══ Records for processing ══

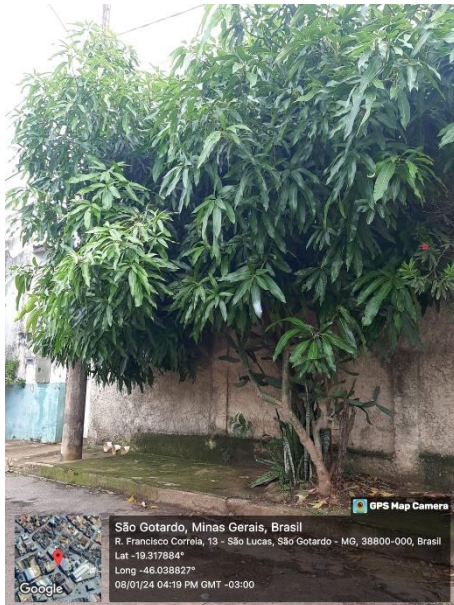
Figura 03: Espécie Mangueira ( Lagerstroemia indica ).
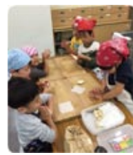
「わくわく子どもキッチン」PR ミニピザ
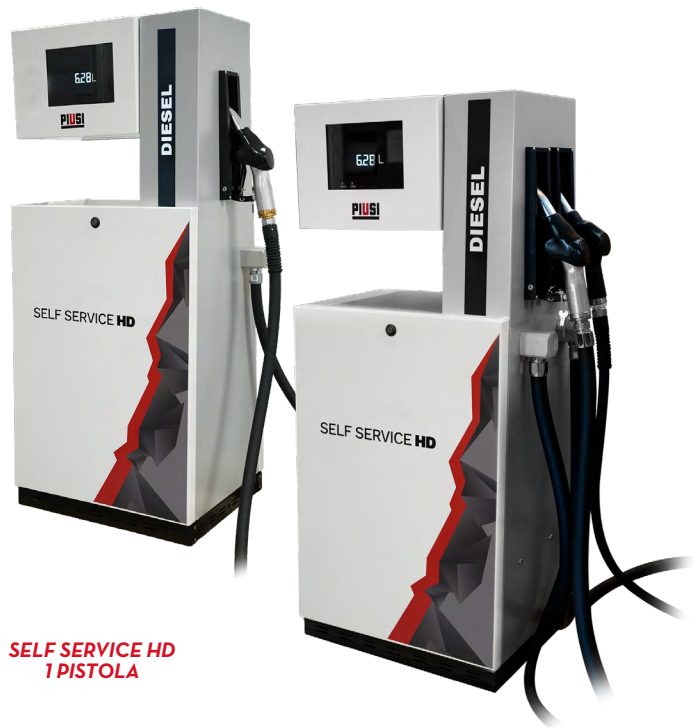
SELF SERVICE HD 1 PISTOLA
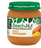
Mahindi Kiazi Tamu
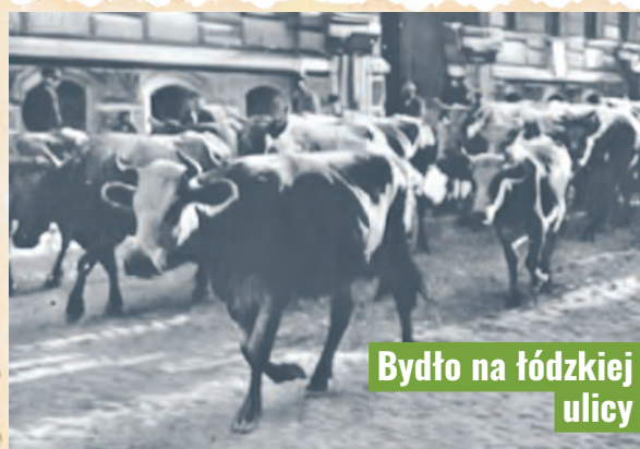
Bydło na łódzkiej ulicy

ścieli domów. Wprowadzono zakaz składowania na podwórkach śmieci, wylewania pomoy, nakazano również systematyczne oczyszczanie dołów kloacznych. Wywóz śmieci oraz zawartości szamb i dołów kloacznych mógł odbywać się tylko nocami, od godziny 24:00 do 7:00.
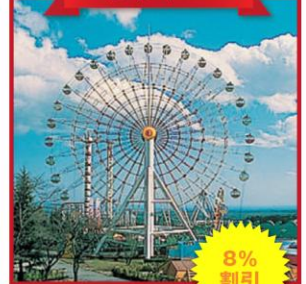
全国共通ゆうえんち券
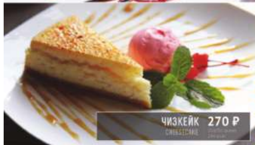
ЧИЗКЕЙК 270 Р CHEESECAKE 130 грамм 266 ккал
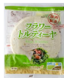
フラワートルティーヤ 5 枚入
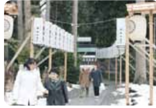
昨年以上の50名での参拝となりました。
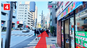
セブン-イレブン、「東五反田三丁目」バス停を通過。
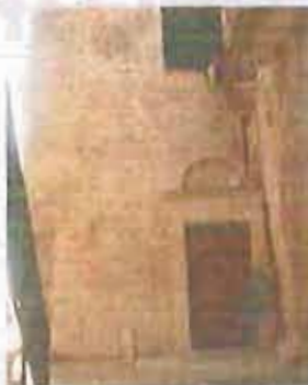
L'appuntamento al Carmine
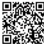
▲ YouTube たまかんチャンネル
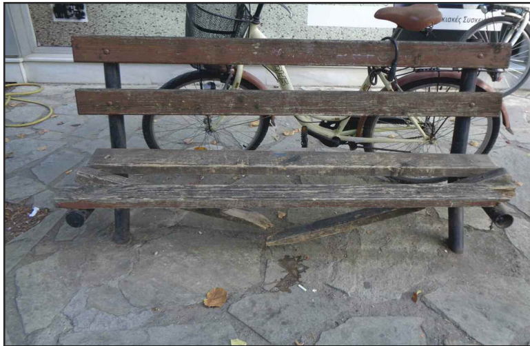
Ακόμα κατεστραμμένο παραμένει το συγκεκριμένο παγκάκι στο Εμπορικό κέντρο!!!
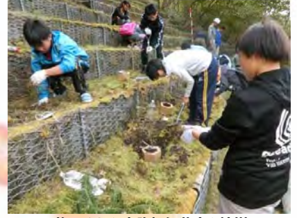
施工された山腹柵に苗木を植樹

10月25日、紅く色づいた大谷崩れで本年度も静岡西・北のロータリークラブの会員の皆さん総勢約60名が植樹を行いました。静岡西ロータリークラブは本年6月、長年の植樹活動が認められ、土砂災害防止功労者として全国表彰を受賞されています。同会では「植樹活動を通じて自然とふれあい、いのちの大切さを学ぶとともに、山を守ることが水や海を守ることに繋がる」として会員の他、市内の高校生や市内在住の留学生らにも呼びかけて活動を行っています。
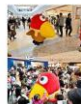
キョロちゃん グリーティングの様子
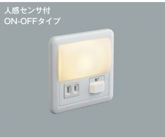
AB 39990 L
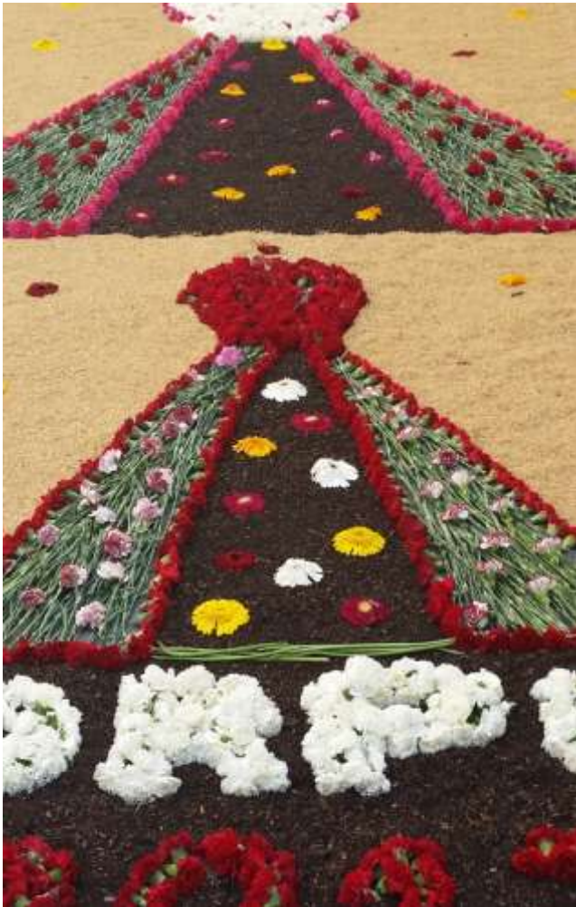
Festes de Corpus
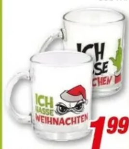
Tasse/Trinkglas versch. Motive, 350 ml

═══

## Exercise goal
Set down each line of the material exactly and skip every image.

## Answer to the problem
Figura 03: Espécie Mangueira ( Lagerstroemia indica ).
「わくわく子どもキッチン」PR ミニピザ
SELF SERVICE HD 1 PISTOLA
Mahindi Kiazi Tamu
Bydło na łódzkiej ulicy

ścieli domów. Wprowadzono zakaz składowania na podwórkach śmieci, wylewania pomoy, nakazano również systematyczne oczyszczanie dołów kloacznych. Wywóz śmieci oraz zawartości szamb i dołów kloacznych mógł odbywać się tylko nocami, od godziny 24:00 do 7:00.
全国共通ゆうえんち券
ЧИЗКЕЙК 270 Р CHEESECAKE 130 грамм 266 ккал
フラワートルティーヤ 5 枚入
昨年以上の50名での参拝となりました。
セブン-イレブン、「東五反田三丁目」バス停を通過。
L'appuntamento al Carmine
▲ YouTube たまかんチャンネル
Ακόμα κατεστραμμένο παραμένει το συγκεκριμένο παγκάκι στο Εμπορικό κέντρο!!!
施工された山腹柵に苗木を植樹

10月25日、紅く色づいた大谷崩れで本年度も静岡西・北のロータリークラブの会員の皆さん総勢約60名が植樹を行いました。静岡西ロータリークラブは本年6月、長年の植樹活動が認められ、土砂災害防止功労者として全国表彰を受賞されています。同会では「植樹活動を通じて自然とふれあい、いのちの大切さを学ぶとともに、山を守ることが水や海を守ることに繋がる」として会員の他、市内の高校生や市内在住の留学生らにも呼びかけて活動を行っています。
キョロちゃん グリーティングの様子
AB 39990 L
Festes de Corpus
Tasse/Trinkglas versch. Motive, 350 ml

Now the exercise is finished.